Additionally, I wanted to point out that is seems you think my brother is “college age”. He is 13, meaning he is only just beginning high school. This is also the reason that @redpoodles suggestion is inconvenient. It is considerably harder for a 13 year old kid to change schools in the middle of his education than it is for me, a legal adult.
@gibby The reasons I stated both above and in my previous post explicate why Massachusetts State would not be a suitable college for me. I am looking for a school that can provide more of a focus undergraduate education than my current school does.
I have no idea when you went to college, but based what you have stated previous about your own kids, I imagine you are not too far off from my father’s age. My father attended University of Pennsylvania. In his time there, he never once had to stand in line for 3 hours simply to pay his tuition, as I had to do this morning. He also never had a class of over 150 kids, which meant professor’s office hours couldn’t be likened to a rock concert as mine can. He lived in a dorm every year he attended the school and never had more than 2 roommates. Berkeley has become so bloated that their dorms cannot even support the incoming freshmen. I live in a converted study area with 3 other kids.

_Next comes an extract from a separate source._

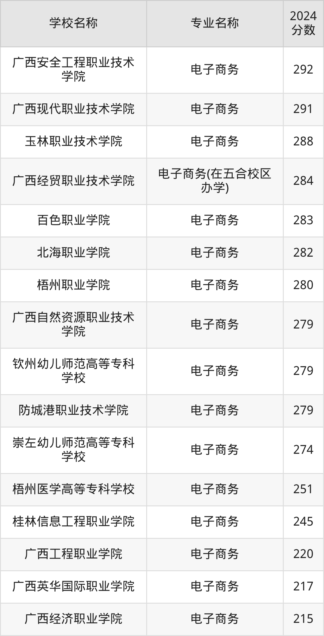 | 广西制造工程职业技术 学院 | 电子商务 | 292 |

This makes up the 3rd reason I would like to switch to a private school. At Berkeley, students are forced to focus on the adminisitrivia and not on the most important part of college – the education.
I also made this post because I heard from a student who transferred from USC to Johns Hopkins simply to be closer to his family on the East Coast. I initially had decided against transferring but figured I would ask you guys to see what you thought.
This post may seem like a serious of complaints to some, but I do not see how else to provide my point of view. It was also brought up that a specific reason must be included for why I cannot transfer to anywhere else except Harvard. I do not have this one specific reason and I intended to apply to more than one school for transfer.